CORK and Kerry have a combined waiting list of 1,578 children overdue an assessment for a suspected disability – 40% of the country’s overall figure.
And one Bandon mum is so desperate to get her son’s special needs officially assessed so she can avail of supports quickly, that she has taken out a credit union loan of €700 to pay for private assessment.
The two-and-a half year old toddler from Bandon, who has suspected autism, has been waiting nine months for his Assessment of Need (AON) which would give him access to things like an SNA at pre-school, as well as speech and occupational therapies.
Early intervention is known to be essential for maximum progression for children with autism. However, the West Cork mum is so frustrated at the lengthy wait, which legally should be started within three months of application, and completed in six, that she’s getting it done privately in Waterford.
‘My partner and I had no option but to put ourselves under this financial pressure.
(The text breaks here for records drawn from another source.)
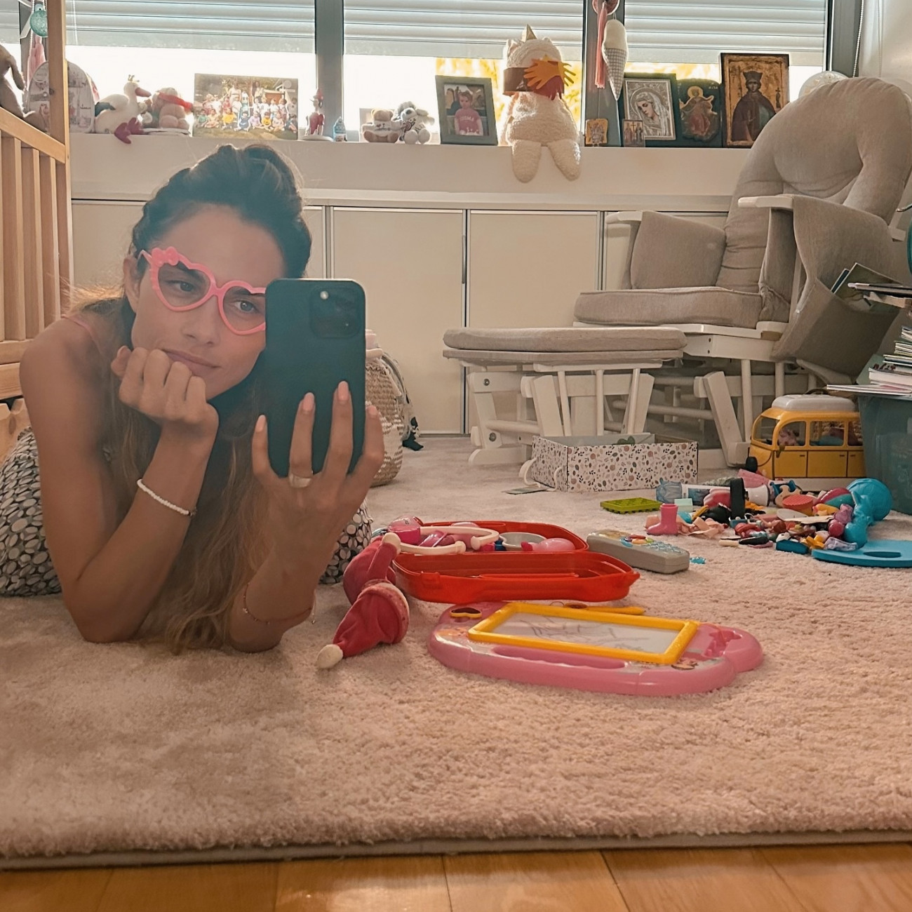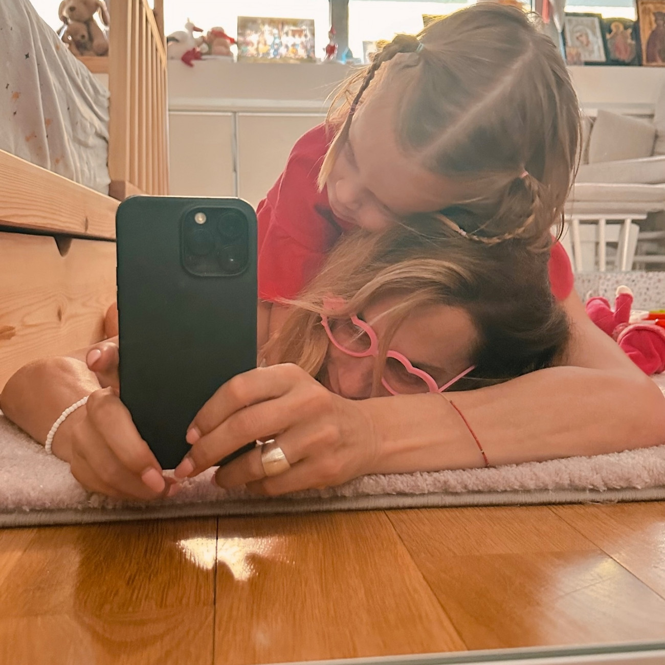 Τις προάλλες θεία και ανιψιά έπαιζαν στο πάτωμα με την ηθοποιό να φορά παιδικά ροζ γυαλιά σε σχήμα καρδιάς.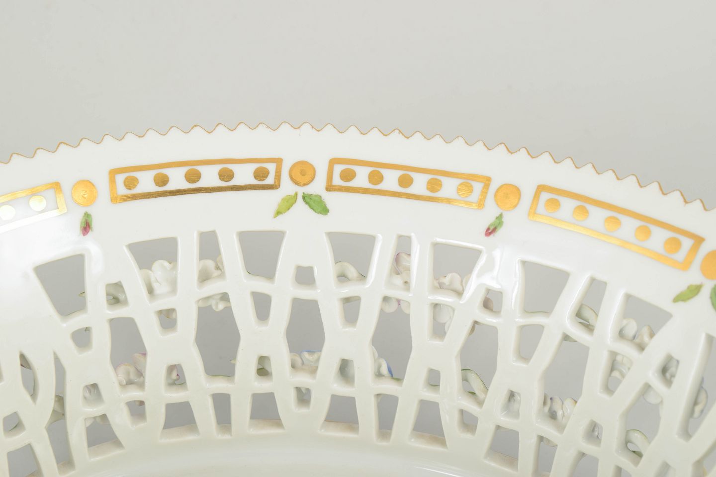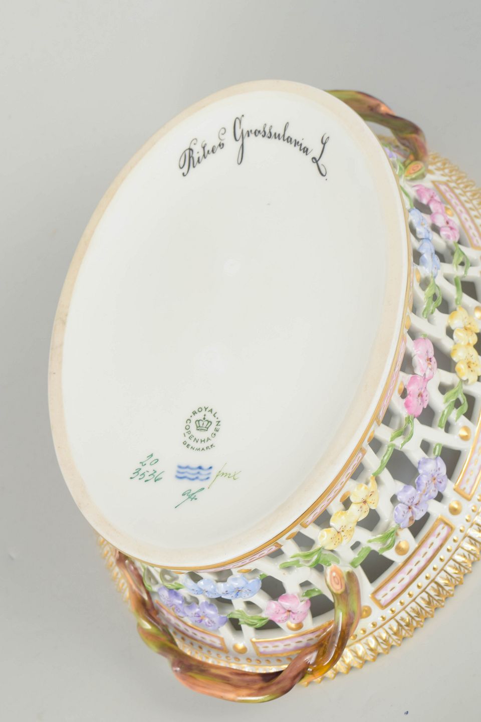 Royal Copenhagen Flora Danica basket.Open reticulated basket with pierced body and hand-painted botanical decoration from the Flora Danica series. Executed in porcelain with fine detailing and gilding. Model 20/3536, 1st factory quality, dated 1964.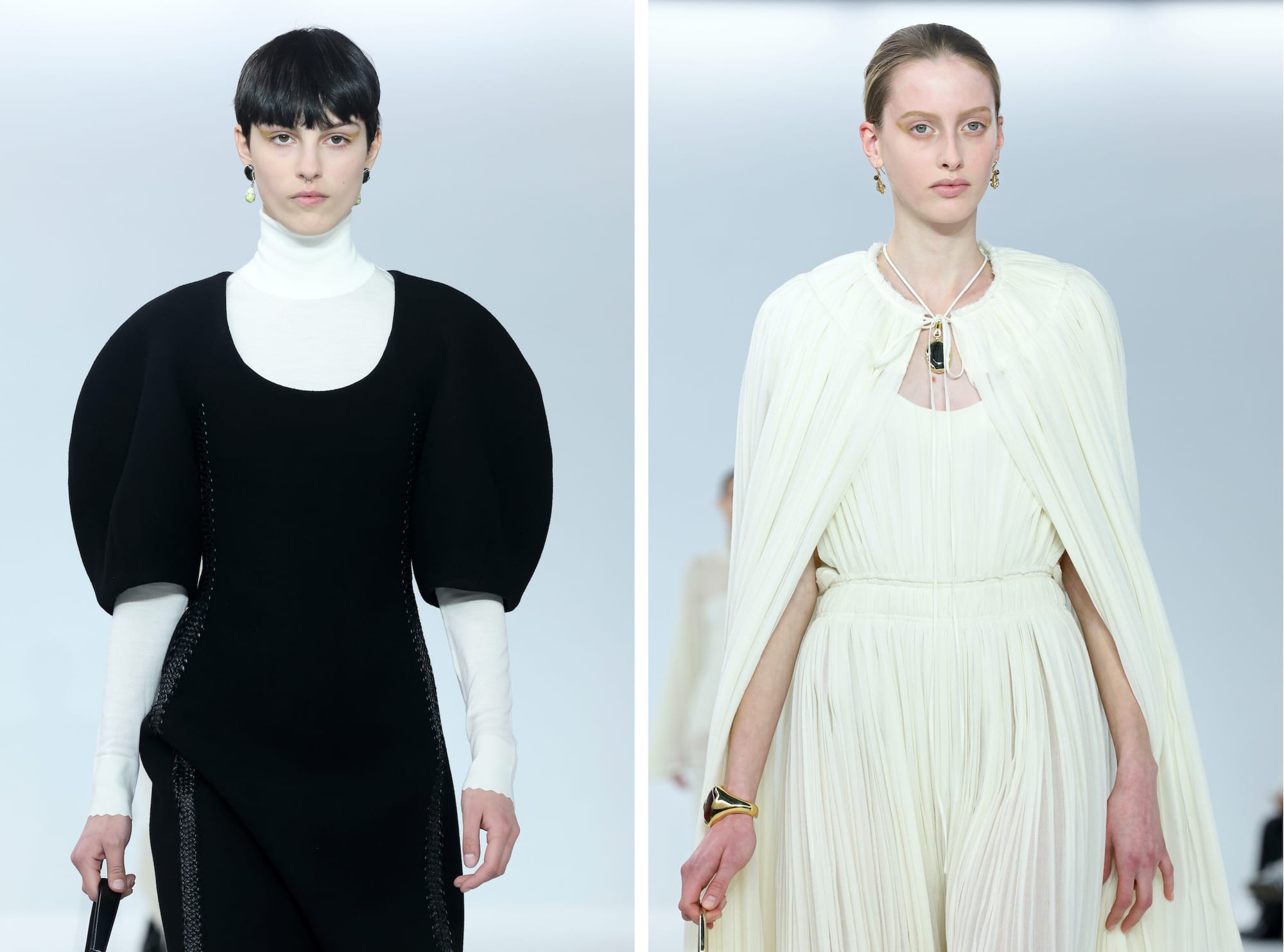 Certainly, Chloé invokes the painter’s name as well as several of her choice quotes in promotional trailers for the line. Perhaps some of the silhouettes could be interpreted as “Renaissance-inspired,” such as the shoulder-baring black dress with billowing sleeves and a prominent bustline, or the gown with a black torso forking into white full skirting in a shape reminiscent of stomachers of the time — and maybe even the structured necklines, shearling collars, and bulky quilting on jackets that are Renaissance in a "Henry VIII" kind of way. But the main thesis of female Renaissance fashion was, as the Leonardo da Vinci portrait of Florentine noblewoman Ginevra de’ Benci asserts in an inscribed motto, “Virtutem Forma Decorat” — "Beauty adorns virtue" — whereas Hearst’s message seeks to harness Gentileshci’s legacy to her theme of empowered female leadership.

Without an official assessment, our son is completely blocked from getting supports. It’s a nightmare scenario,’ she said.
An AON allows a child access things like specialist pre-schools, special classes or allow a school to apply for an SNA on their behalf. Some school places specifically require a HSE AON diagnosis.
Fianna Fáil spokesperson on Disability, local Deputy Margaret Murphy O’Mahony said without an AON, families were faced with a huge ‘road block.’ She described the waiting times as ‘cruel’ and said she’s seen first-hand the anguish and anxiety it is causing families in her constituency.
‘I can’t over-estimate the frustration and exhaustion I see among those who are waiting for what is their legal right under the Disability Act,’ she added.
The 2005 Disability Act states that the AON examination must commence within three months of an application, and completed within a further three months.
Claire Desmond, chairperson of Bandon Autism Group, has seen the delays being experienced by her members.
‘Our club is supporting around 10 families who are waiting for an official diagnosis. Many of them are pre-school age, but simply can’t go as they don’t have access to special supports,’ she said.
Deputy Murphy O’Mahony said she believed delays were caused by staffing levels: ‘We have been promised 129 teams every year for the past three years, and every year the HSE has failed to meet that target,’ she said.
The figures for children awaiting assessment were released to RTÉ by the HSE.